##### Data for the task

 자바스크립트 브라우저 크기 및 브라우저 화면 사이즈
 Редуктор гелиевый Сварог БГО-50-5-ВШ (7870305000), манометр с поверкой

##########
##### Data for the task

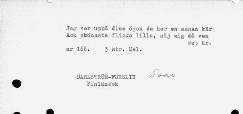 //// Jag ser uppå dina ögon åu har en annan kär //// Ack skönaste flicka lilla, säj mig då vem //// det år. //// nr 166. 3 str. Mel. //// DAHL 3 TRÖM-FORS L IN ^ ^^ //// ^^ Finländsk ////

##########
##### Data for the task

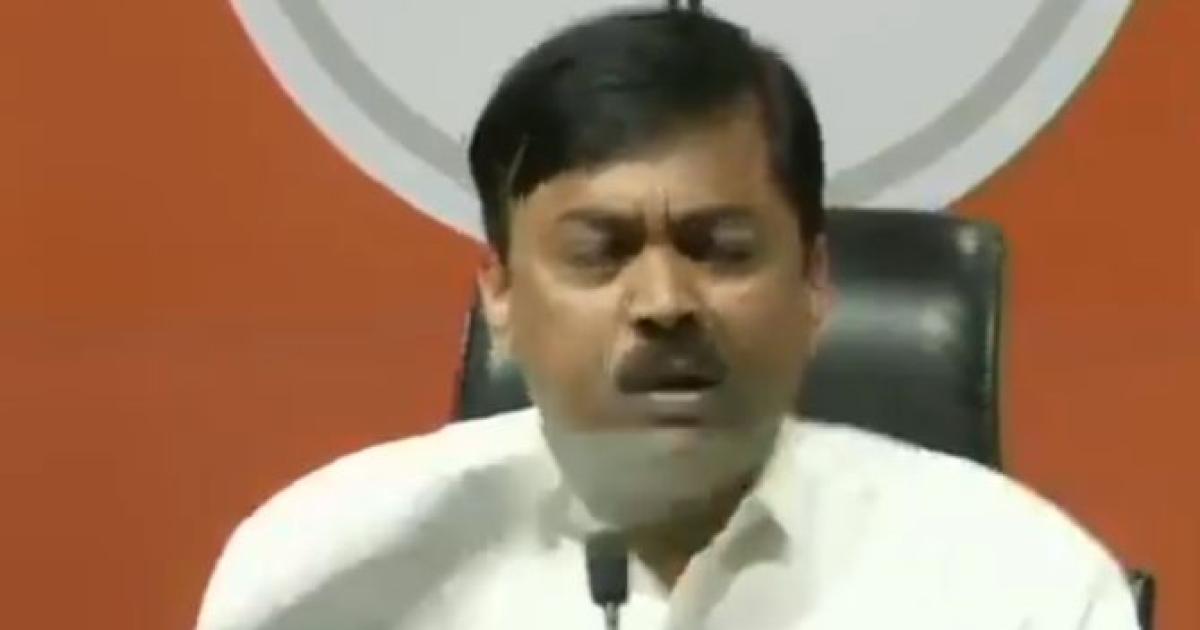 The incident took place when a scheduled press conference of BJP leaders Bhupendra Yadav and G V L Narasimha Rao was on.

##########

▸ **Instructions to follow**
All lines above from the one holding "자바스크립트 브라우저 크기 및 브라우저 화면 사이즈" to the one holding "Редуктор гелиевый Сварог", inclusive, are to be copied exactly; no other line is wanted.

▸ **Worked solution**
 자바스크립트 브라우저 크기 및 브라우저 화면 사이즈
 Редуктор гелиевый Сварог БГО-50-5-ВШ (7870305000), манометр с поверкой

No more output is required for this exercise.